2. Reduce physical footprint. Department stores will have to shrink their footprint either by closing more locations or by making those locations smaller and filling them with a tightly edited range of products that cannot procured anywhere else.
3. Understand that off price is not a savior. Department stores must accept the fact that discounting is not a long-term solution. The report points out that in the first quarter of the current fiscal year, comparable sales of HBC Off Price – the off-price division of Hudson’s Bay Company which includes Saks Off Fifth and Gilt Group – decreased 6.8 percent.
4. Embrace the concession model. American stores only dabble with this model, which has shown tremendous success internationally. Concessions – or shops in shops – allow brands to better control the customer experience. B of F points out that Le Bon Marche in Paris does this well, as does Selfridges. It is interesting to note that Ralph Lauren also announced that it expanded its “high ROI concession network” in the past year.
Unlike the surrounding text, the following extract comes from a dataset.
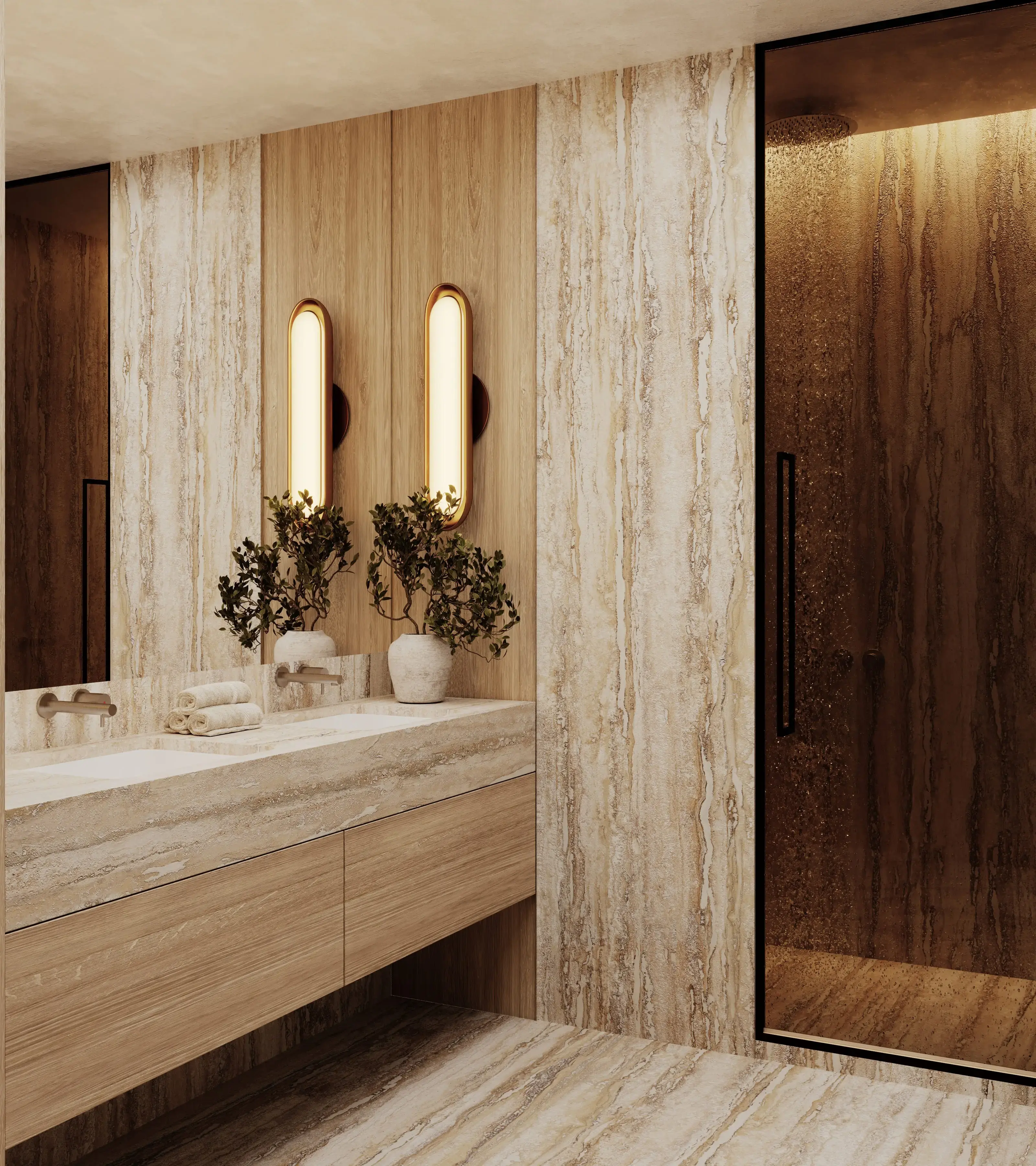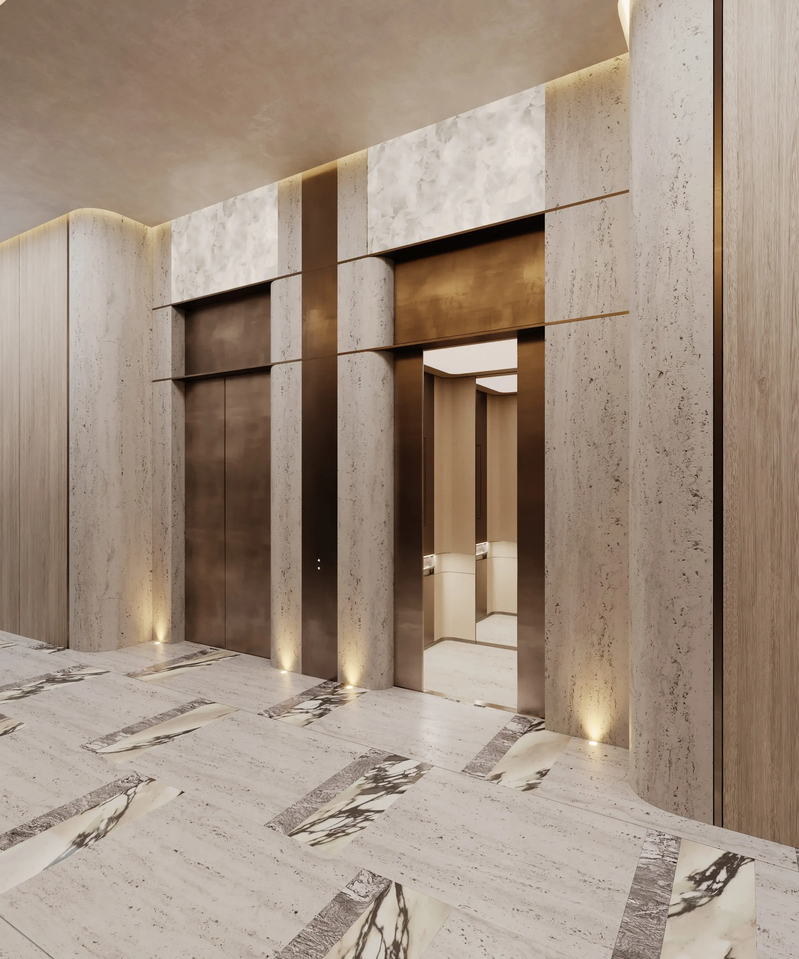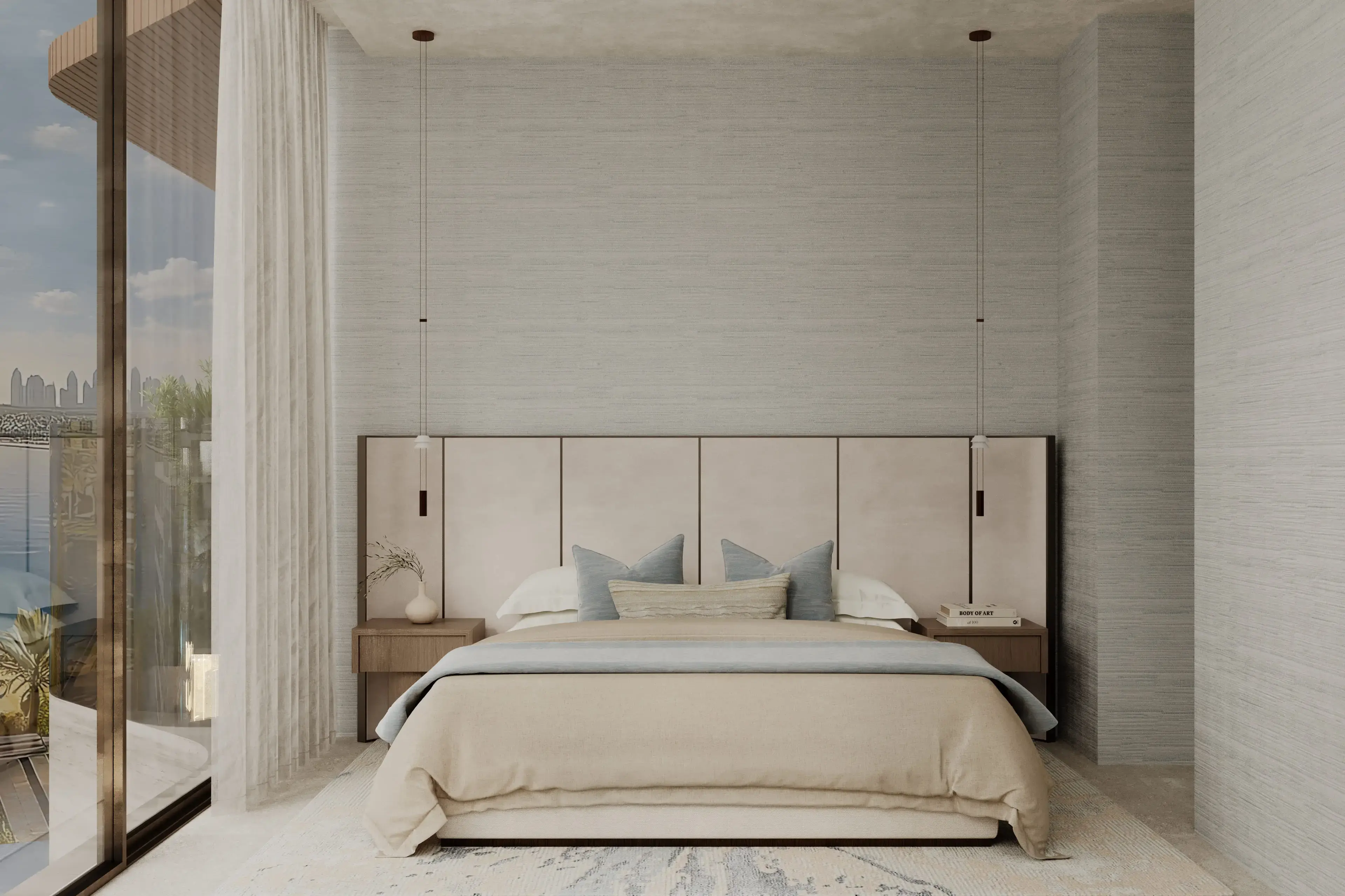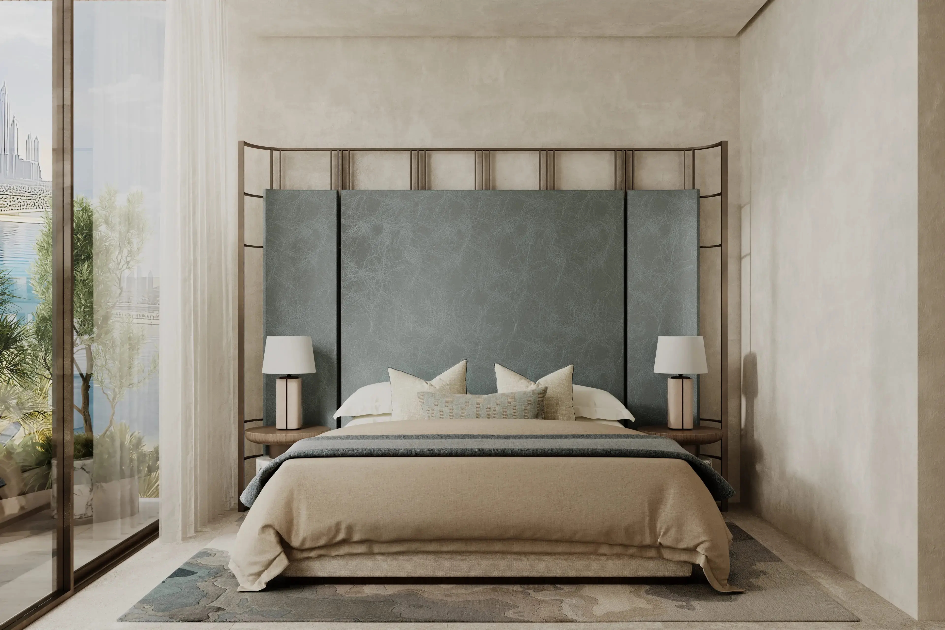 The project offers apartments with 1–3 bedrooms, as well as two-bedroom duplexes with a maid’s room, three-bedroom residences with a maid’s room and a private garden, and one-bedroom layouts with a garden. The interiors are designed in a calm palette with natural tones and expressive accents, reflecting contemporary yacht-inspired aesthetics.

One wonders whether the term department store is still viable. So many departments are no longer important in the stores; it seems to me that one should call them specialty retailers and specialty chains. Each specialty chain must have a focus on a specific customer and curate its merchandise to that specific profile. It may be that the same specialty chain has a different focus in different stores to accommodate what the customer in that market wants. It could be that some locations are more Hispanic (as Walmart has found out) or other locations more Asian and have preferences for smaller sized clothes.
In this post-pandemic period in the United States, we have an opportunity to witness the reawakening of good merchandising, directly dealing with loyal customers and generating real excitement in stores. We can learn, and we must act.